## Exercise requirements
Pictures are to be left out. Return exactly the lines below from the one with "مزایده عمومی مزایده" up to and including the one with "Steel awning roof".

## Exercise input
☆ ☆ ☆ ☆ ☆ ☆ ☆

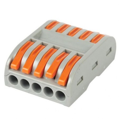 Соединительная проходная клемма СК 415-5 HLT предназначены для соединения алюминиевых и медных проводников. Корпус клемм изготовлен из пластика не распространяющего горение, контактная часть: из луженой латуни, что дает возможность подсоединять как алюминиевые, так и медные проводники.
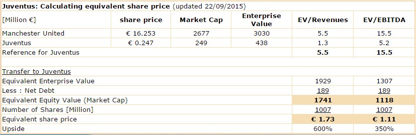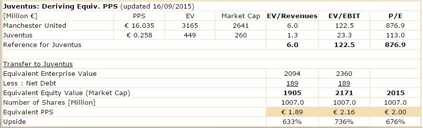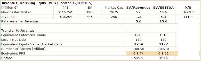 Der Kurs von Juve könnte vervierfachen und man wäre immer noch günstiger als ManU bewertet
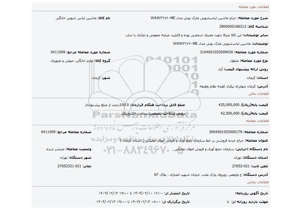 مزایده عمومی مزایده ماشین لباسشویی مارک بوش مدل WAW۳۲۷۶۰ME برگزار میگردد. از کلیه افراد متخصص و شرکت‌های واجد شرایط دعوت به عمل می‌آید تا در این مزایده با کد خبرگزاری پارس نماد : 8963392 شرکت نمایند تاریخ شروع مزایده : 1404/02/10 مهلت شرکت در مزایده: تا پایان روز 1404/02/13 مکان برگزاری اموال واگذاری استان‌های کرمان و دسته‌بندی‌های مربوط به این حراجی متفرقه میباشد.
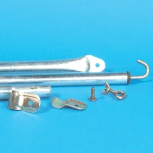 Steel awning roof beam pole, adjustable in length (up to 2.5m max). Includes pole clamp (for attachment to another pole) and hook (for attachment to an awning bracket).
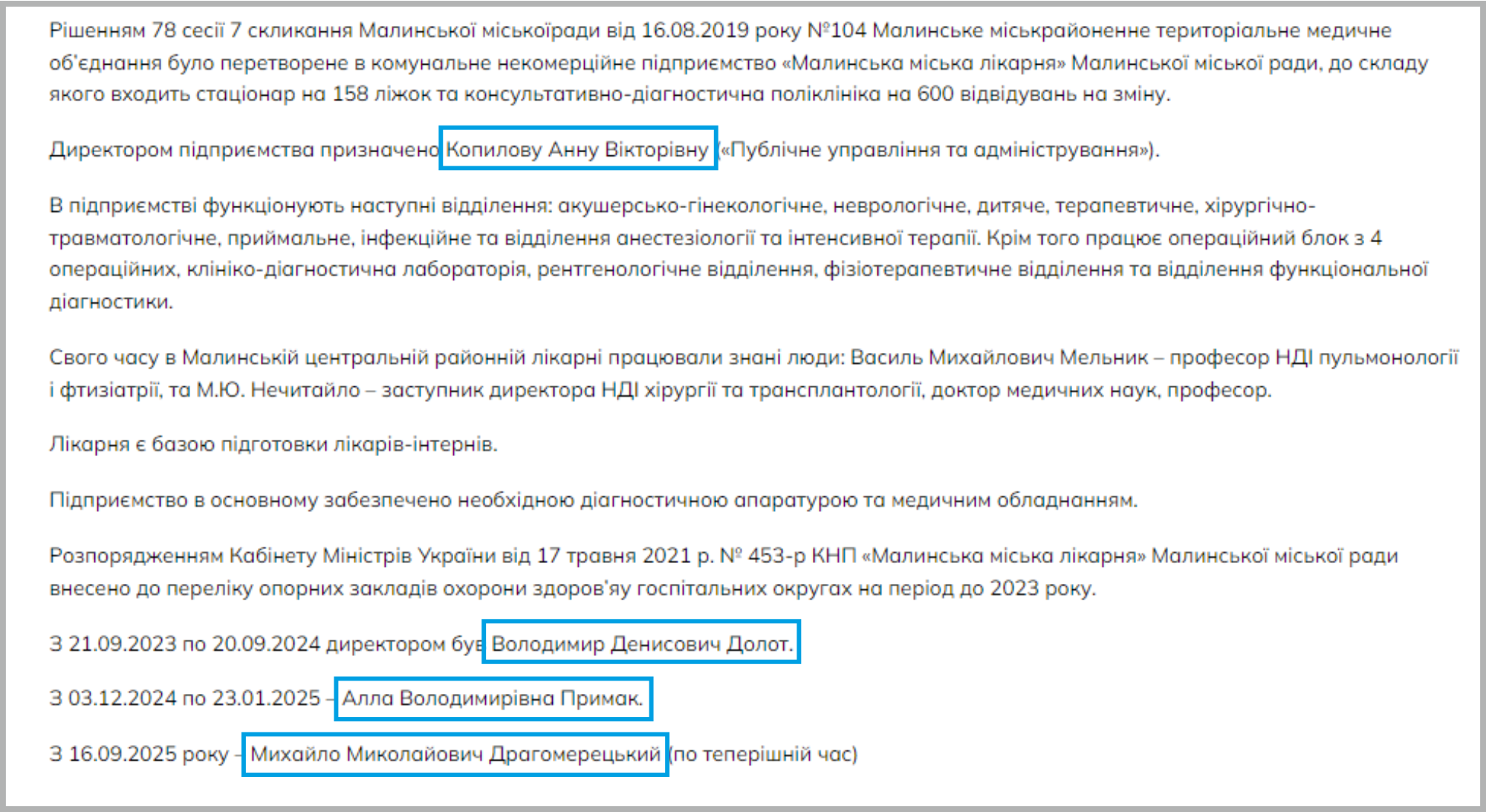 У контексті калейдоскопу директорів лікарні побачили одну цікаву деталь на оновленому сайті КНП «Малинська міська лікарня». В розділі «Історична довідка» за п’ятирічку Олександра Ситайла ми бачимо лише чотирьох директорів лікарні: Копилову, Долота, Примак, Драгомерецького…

☆ ☆ ☆ ☆ ☆ ☆ ☆

## Response below
 مزایده عمومی مزایده ماشین لباسشویی مارک بوش مدل WAW۳۲۷۶۰ME برگزار میگردد. از کلیه افراد متخصص و شرکت‌های واجد شرایط دعوت به عمل می‌آید تا در این مزایده با کد خبرگزاری پارس نماد : 8963392 شرکت نمایند تاریخ شروع مزایده : 1404/02/10 مهلت شرکت در مزایده: تا پایان روز 1404/02/13 مکان برگزاری اموال واگذاری استان‌های کرمان و دسته‌بندی‌های مربوط به این حراجی متفرقه میباشد.
 Steel awning roof beam pole, adjustable in length (up to 2.5m max). Includes pole clamp (for attachment to another pole) and hook (for attachment to an awning bracket).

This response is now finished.